Fed Lifts Rates and Forecasts a Steeper Path of Hikes
By Kamen Parushev - Research Analyst
The Federal Open Market Committee (FOMC), led by Jerome Powell in his first meeting as chairman, voted to raise its benchmark funds rate by a quarter percentage point to a range of 1.5% to 1.75%.
The hikes are in line with the FOMC’s plans for gradual tightening and further adjustments in the stance of monetary policy amid a robust increase in economic activity and continuous improvement in the labour market.
“The economic outlook has strengthened in recent months,” the policy-setting Committee said in a statement on Wednesday.
The labor market has continued to strengthen and the economic activity has been rising at a moderate rate. Job gains have been strong in recent months, and the unemployment rate has stayed at 4.1% - the lowest rate since December 2000. Recent data suggest that growth rates of household spending and business fixed investment have moderated from their strong fourth-quarter readings when private fixed investment increased by 7.25% year-over-year. On a 12-month basis, both overall inflation and inflation for items other than food and energy have continued to run below 2%. Market-based measures of inflation compensation have increased in recent months but remain low while survey-based measures of longer-term inflation expectations are little changed.

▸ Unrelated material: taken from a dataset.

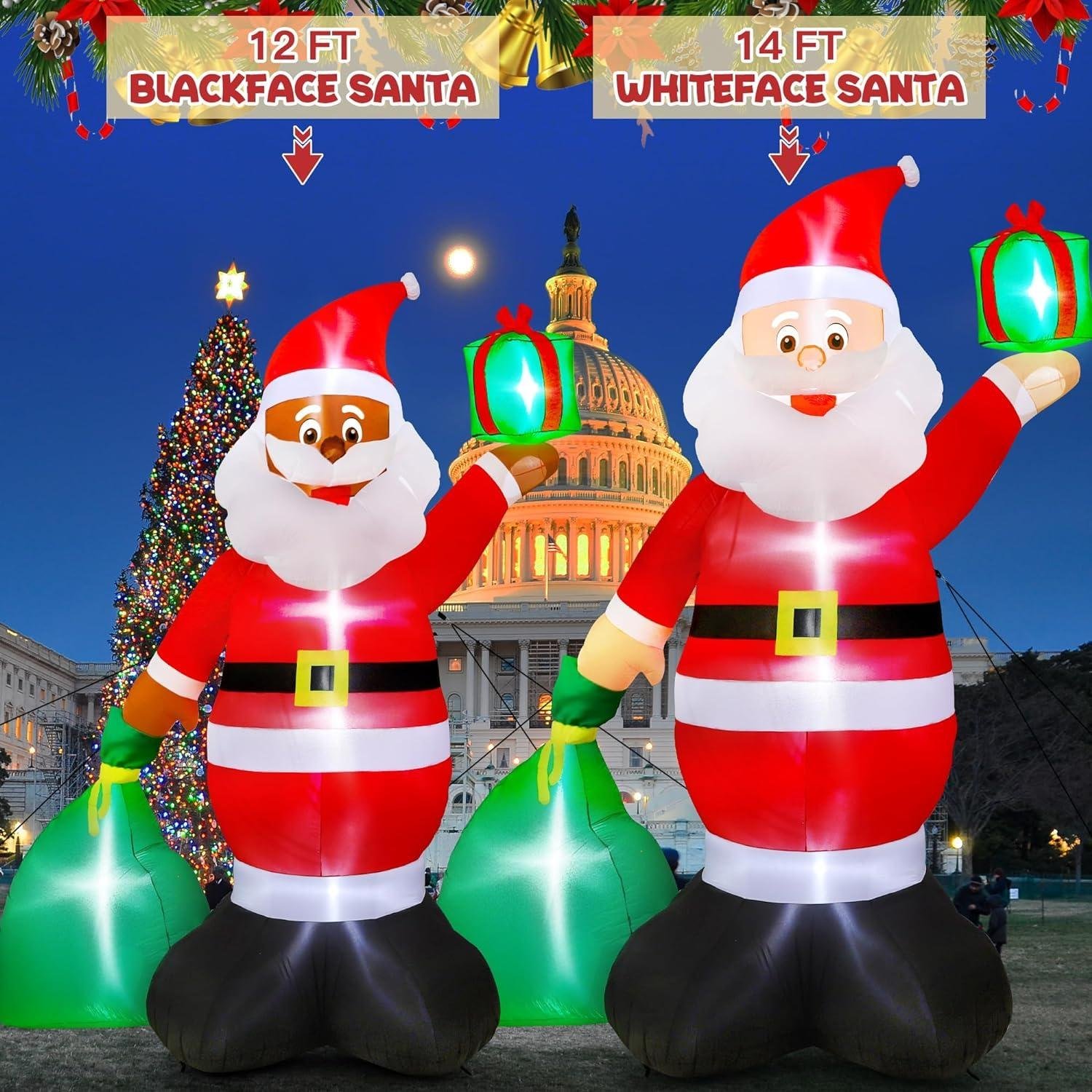 14FT Christmas Santa Inflatables, Giant Inflatable Santa with Gift Bag, Blow Up Christmas Santa Claus with 6pcs LED, Inflatable Santa Claus Outdoor Decorations for Party Holiday Lawn Yard Archway

After three target rate increases in 2017, this is the first rate hike in 2018 and the sixth rate hike since the policymaking Committee began raising rates off near-zero in December 2015. According to the summary of economic projections that the FOMC releases each quarter, three rate hikes is still the baseline for this year. The Fed officials also forecast a steeper path of hikes in 2019 and 2020 against the backdrop of improving economic outlook
Central bankers raised their forecast for 2017 GDP growth from 2.5% in December to 2.7%, and increased the 2018 expectation by 0.3 percentage points - from 2.1% to 2.4%. However, growth is likely to cool after, with the 2020 forecast holding at 2% and the longer-run measure still at the moderate 1.8%.